L2.1is an enhanced image that has been processed with resolution and ortho-correction

There are several processing levels for SAR images. L2.1 is the high level base product received after performing resolution and ortho-correction to an image. While the information is limited to enhanced information received by electromagnetic waves, the image produced is similar to an optic image, meaning this processing level is capable of being used for various applications such as land coverage detection, vegetation classification, and object detection.

The Key is in the Polarized Data

There are a maximum of 4 types of data determined by the type of electro-magnetic wave correspondence called polarized waves (HH, HV, VH, VV). They indicate whether it is a vertical polarization (V) or a horizontal polarization (H) with respect to transmission (1st letter) and reception (2nd letter) respectively. This not only enhances the reception, but makes it possible to analyze images according to their polarization traits.

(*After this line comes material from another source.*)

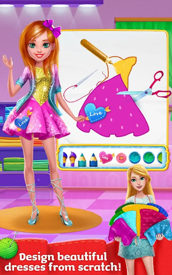 > Help Lucy the fashion designer open up her dressmaker shop!

For more information about SAR data pre-processing, check on the article below.

Let's Gather PALSAR-2 L2.1 Processing Data

See Tellusの開発環境でAPI引っ張ってみた (Use Tellus API from the development environment) for how to use the development environment (JupyterLab) on Tellus.

Downloading the Data Set and Getting a Product ID

In order to download PALSAR-2’s L2.1 products, you need to enter the product ID. All you need to do is look up the product you like and enter its product ID. We will try looking up a product that has multifaceted polarized data recorded on it.

import requests
 
TOKEN = "自分のAPIトークンを入れてください"
 
def search_palsar2_l21(params={}, next_url=''):
    if len(next_url) > 0:
        url = next_url
    else:
        url = 'https://file.tellusxdp.com/api/v1/origin/search/palsar2-l21'
    headers = {
        "Authorization": "Bearer " + TOKEN
    }
	
    r = requests.get(url,params=params, headers=headers)
    if not r.status_code == requests.codes.ok:
        r.raise_for_status()
    return r.json()
 
def main():
    for k in range(100):
        if k == 0:
            ret = search_palsar2_l21({'after':'2017-1-01T15:00:00'})
    	else:
            ret = search_palsar2_l21(next_url = ret['next'])    	
        for i in ret['items']:
            if len(i['polarisations']) > 1:
                print(i['dataset_id'],i['polarisations'])
        if 'next' not in ret:
            break
	
if __name__=="__main__":
       main()

Through using this program, products from after 2017 with more than two types of polarized data can be produced. Choose one of those product IDs and download the data set included in the product with the code below.

import os, requests
 
TOKEN = "自分のAPIトークンを入れてください"
 
def publish_palsar2_l21(dataset_id):
    url = 'https://file.tellusxdp.com/api/v1/origin/publish/palsar2-l21/{}'.format(dataset_id)
    headers = {
    "Authorization": "Bearer " + TOKEN
    }
    r = requests.get(url, headers=headers)
    if not r.status_code == requests.codes.ok:
    r.raise_for_status()
    return r.json()
 
def download_file(url, dir, name):
    headers = {
        "Authorization": "Bearer " + TOKEN
    }
    r = requests.get(url, headers=headers, stream=True)
    if not r.status_code == requests.codes.ok:
        r.raise_for_status()
    if os.path.exists(dir) == False:
        os.makedirs(dir)
        with open(os.path.join(dir,name), "wb") as f:
        for chunk in r.iter_content(chunk_size=1024):
            f.write(chunk)
 
def main():
    dataset_id = 'ALOS2236422890-181009' #選んだプロダクトIDを入力
    print(dataset_id)
    published = publish_palsar2_l21(dataset_id)
    for file in published['files']:
        file_name = file['file_name']
        file_url = file['url']
        print(file_name)
        file = download_file(file_url, dataset_id, file_name)
    print('done')
 
if __name__=="__main__":
    main()

That is all you need to do to gather the data. A folder with the same name as the product ID will be made in the Current Directory containing the data inside of it.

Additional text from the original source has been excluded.